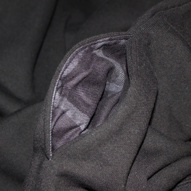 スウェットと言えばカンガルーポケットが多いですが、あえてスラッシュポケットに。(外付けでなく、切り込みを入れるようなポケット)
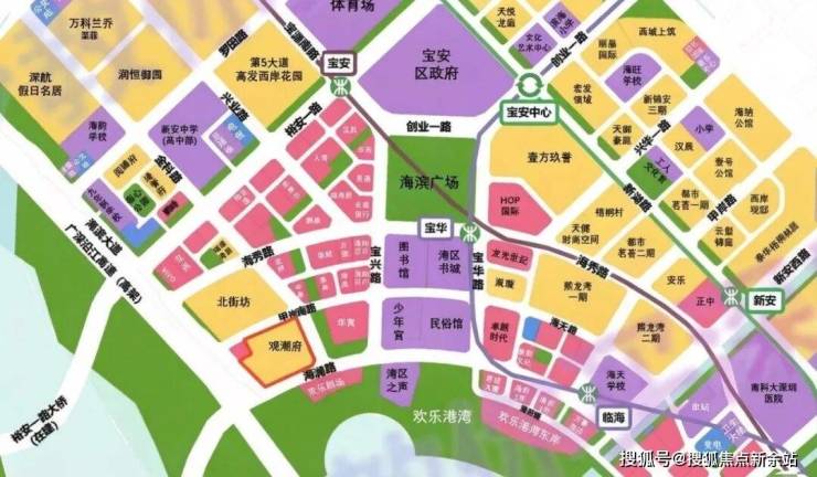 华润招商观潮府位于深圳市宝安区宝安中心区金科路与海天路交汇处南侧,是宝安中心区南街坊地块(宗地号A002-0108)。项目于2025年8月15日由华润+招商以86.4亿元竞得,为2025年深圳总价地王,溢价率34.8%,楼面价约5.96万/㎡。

- - -

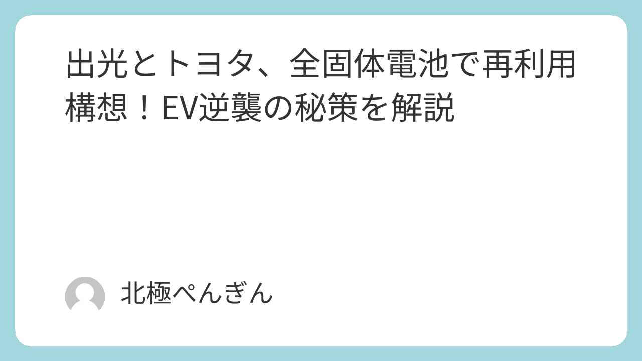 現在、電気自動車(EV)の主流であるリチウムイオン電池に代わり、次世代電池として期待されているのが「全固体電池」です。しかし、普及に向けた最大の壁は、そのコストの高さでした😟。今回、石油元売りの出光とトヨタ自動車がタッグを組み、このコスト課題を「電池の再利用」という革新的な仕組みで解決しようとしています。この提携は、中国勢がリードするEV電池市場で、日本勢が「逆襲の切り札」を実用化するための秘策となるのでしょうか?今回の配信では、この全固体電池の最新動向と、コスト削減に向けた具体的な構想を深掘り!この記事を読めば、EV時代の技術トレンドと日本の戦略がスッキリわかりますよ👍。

- - -

◆ EXERCISE:
Looking above, find the stretch of lines that opens with the one holding "スウェットと言えばカンガルー" and closes with the one holding "华润招商观潮府位于深圳市宝安". Copy it exactly, pictures excluded.

◆ EXERCISE RESULT:
 スウェットと言えばカンガルーポケットが多いですが、あえてスラッシュポケットに。(外付けでなく、切り込みを入れるようなポケット)
 华润招商观潮府位于深圳市宝安区宝安中心区金科路与海天路交汇处南侧,是宝安中心区南街坊地块(宗地号A002-0108)。项目于2025年8月15日由华润+招商以86.4亿元竞得,为2025年深圳总价地王,溢价率34.8%,楼面价约5.96万/㎡。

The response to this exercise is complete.